> _PROBLEM DESCRIPTION_
The lines to return are those from the line holding "Modeling an M3" through the last line of the entries below, both included, written exactly and without pictures.

> _SOURCE DATA_
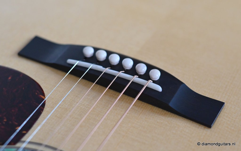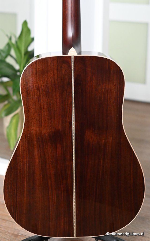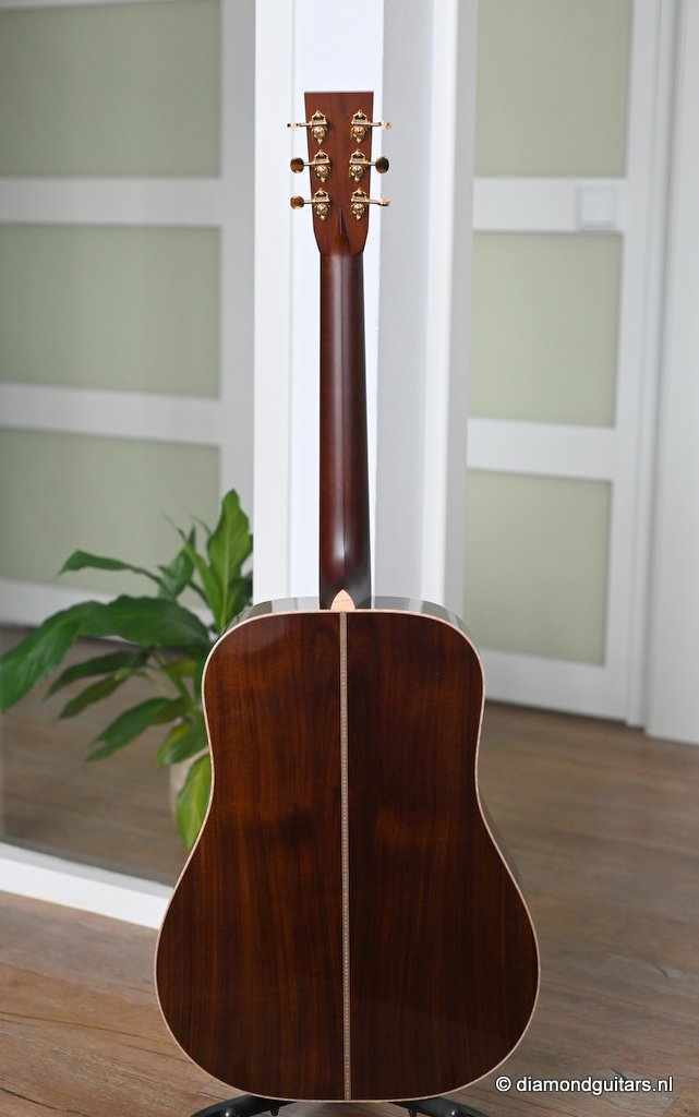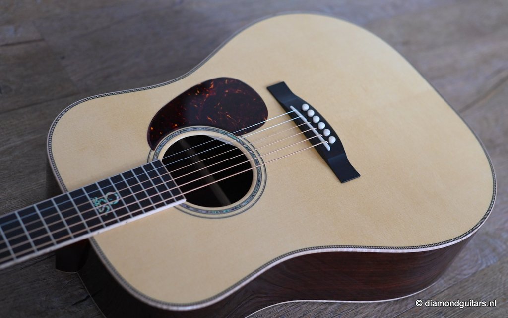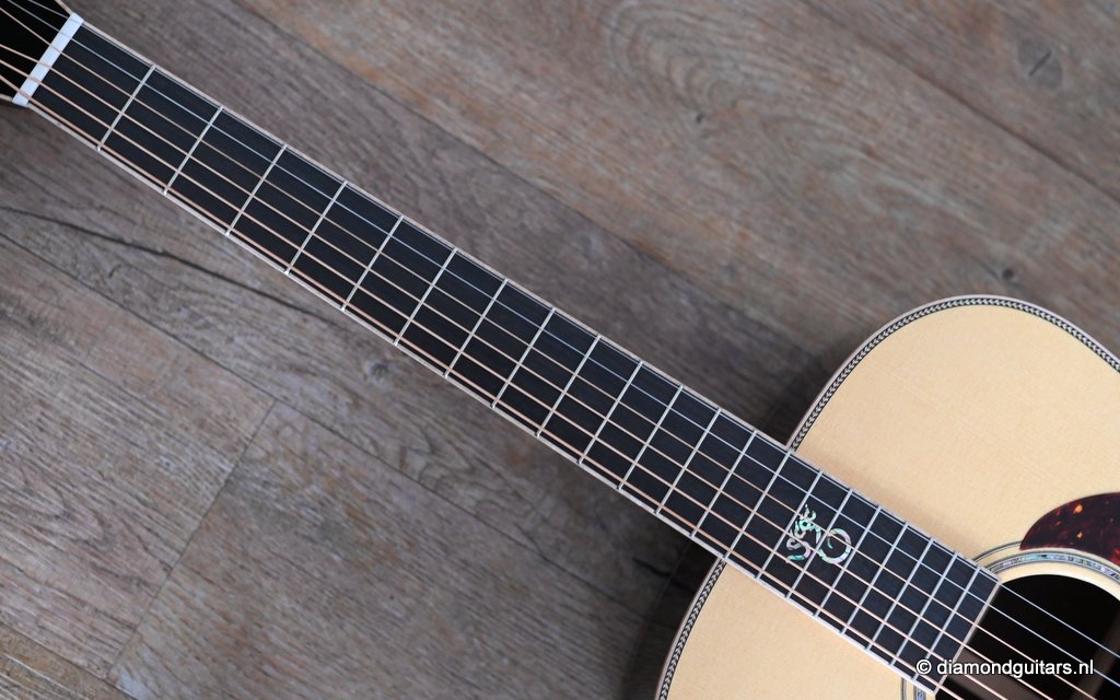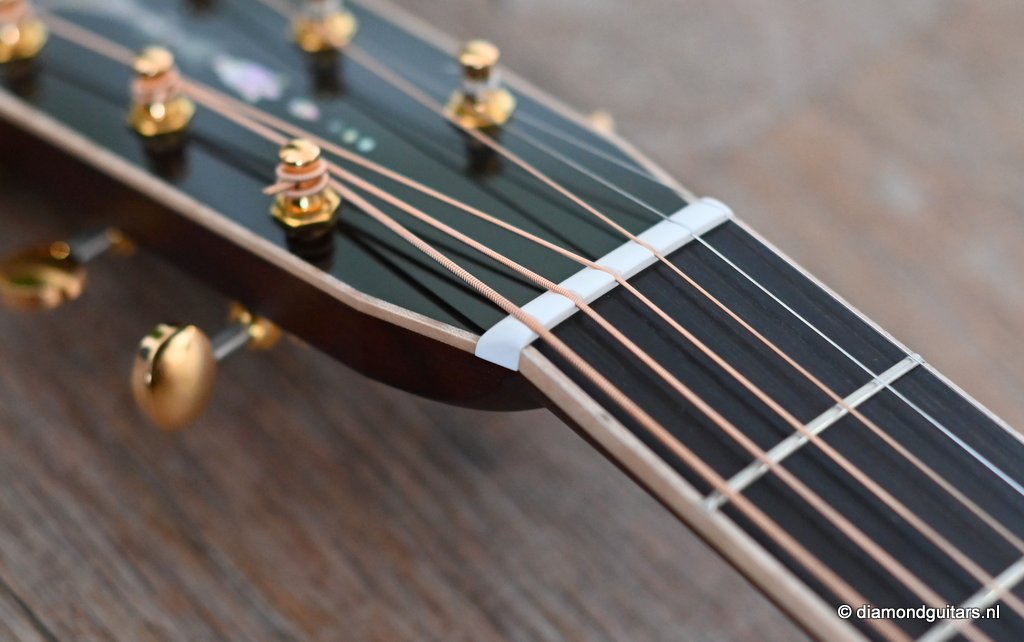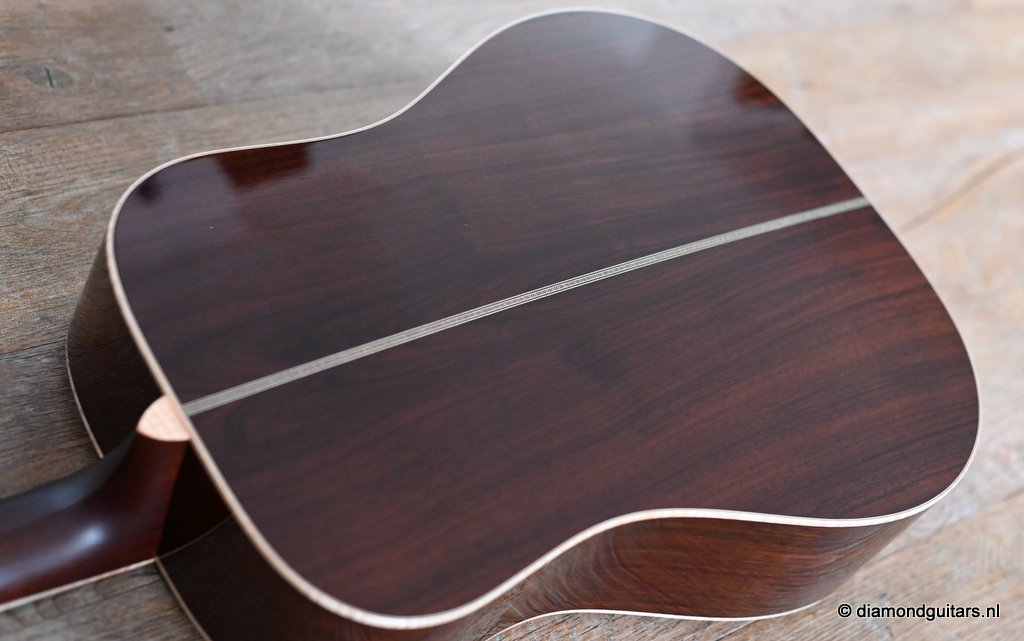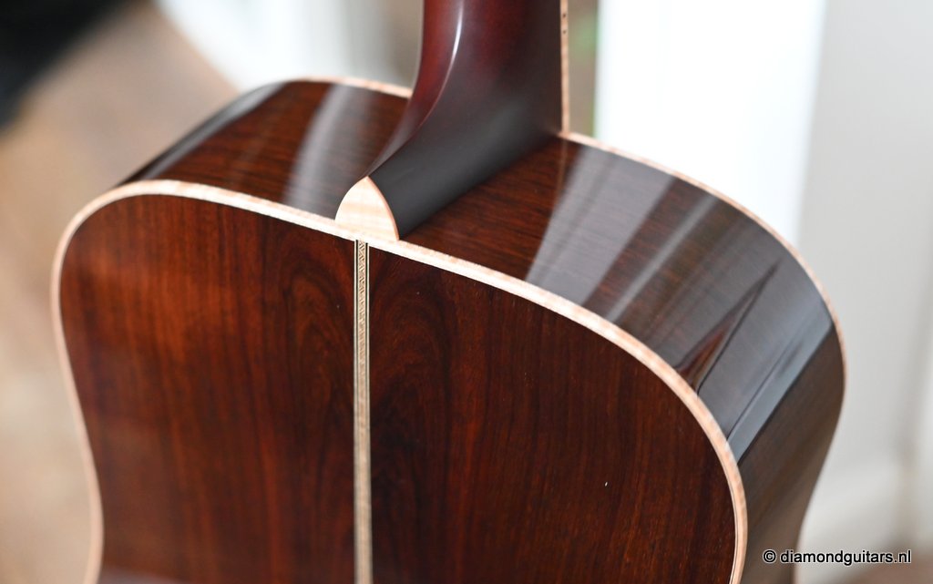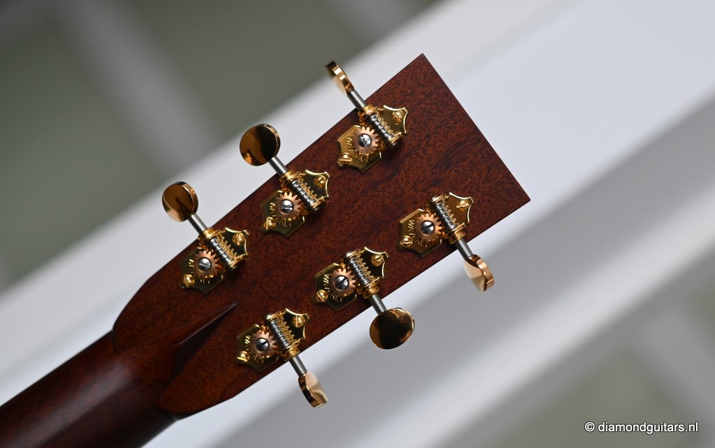 We asked Richard to couple this unique tonewood with a set of tight grained Germand Spruce. German spruce has an even response across the frequency spectrum. Clear treble, strong but not boomy bass, and a sweet, singing midrange. The combination produces rich overtones and a “shimmer” that develops with age and playing. Also, she responds quickly to a light touch resulting in versatile dreadnought. The Mahogany neck has a slight V shape and plays like butter. To top that off, we added the classic Abalone Torch to the headstock. Not only a great companion for singer/songwrites, fast playing flatpickers and even fingerstylers but also a absolute beauty to look at. Sound impression coming soon.
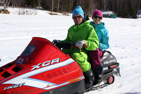 Mina syskon har riktigt snygga skidkläder i starka färger som lyser upp i snön. Funkar även på skoter.
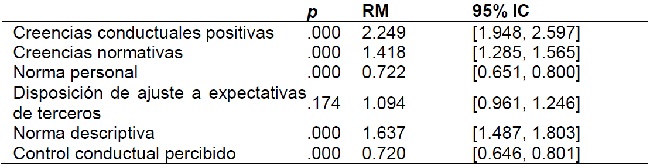 En un último análisis (Tabla 4, Análisis 6), hecho con base en los Análisis 3 y 5, se reintegraron las variables de la TCP excepto creencias conductuales positivas. Como resultaba esperable, se registró un más alto peso predictivo de las expectativas de bienestar (TE), sin que ninguno otro indicador presentara modificaciones sustanciales respecto al Análisis 2 de referencia.
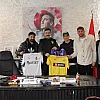 AFJET Afyonspor’un Yönetim Kurulu Üyesi Halil İbrahim Özkaya ve oyuncular İl Emniyet Müdürü Ali Temiz’e forma hediye etti
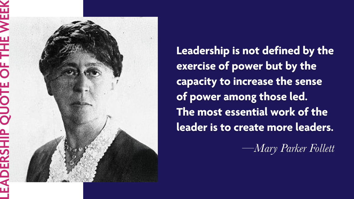 Mary Parker Follett: "Leadership is not defined by the exercise of power but by the capacity to increase the sense of power among those led. The most essential work of the leader is to create more leaders."
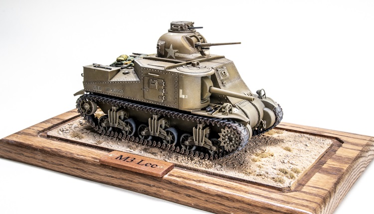 Modeling an M3 Lee in North Africa during World War II, Chris built a Tamiya 1/35 scale kit and improved it with turned-metal barrels, resin stowage, and wire cable. Vallejo and AK Interactive acrylics were airbrushed on for the camouflage and highlights, while washes heightened shadows. Pigment gave the model the appearance of driving around in blowing sands.
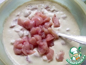 Добавляем молоко, комнатной температуры, можно чуть больше или меньше. Тесто должно получиться на очень жидким, но и не густым, по консистенции как домашняя сметана. Перемешиваем не оставляя комков. Туда же добавляем нарезанную куриную грудку.

> _REPLY TO THE TASK_
 Modeling an M3 Lee in North Africa during World War II, Chris built a Tamiya 1/35 scale kit and improved it with turned-metal barrels, resin stowage, and wire cable. Vallejo and AK Interactive acrylics were airbrushed on for the camouflage and highlights, while washes heightened shadows. Pigment gave the model the appearance of driving around in blowing sands.
 Добавляем молоко, комнатной температуры, можно чуть больше или меньше. Тесто должно получиться на очень жидким, но и не густым, по консистенции как домашняя сметана. Перемешиваем не оставляя комков. Туда же добавляем нарезанную куриную грудку.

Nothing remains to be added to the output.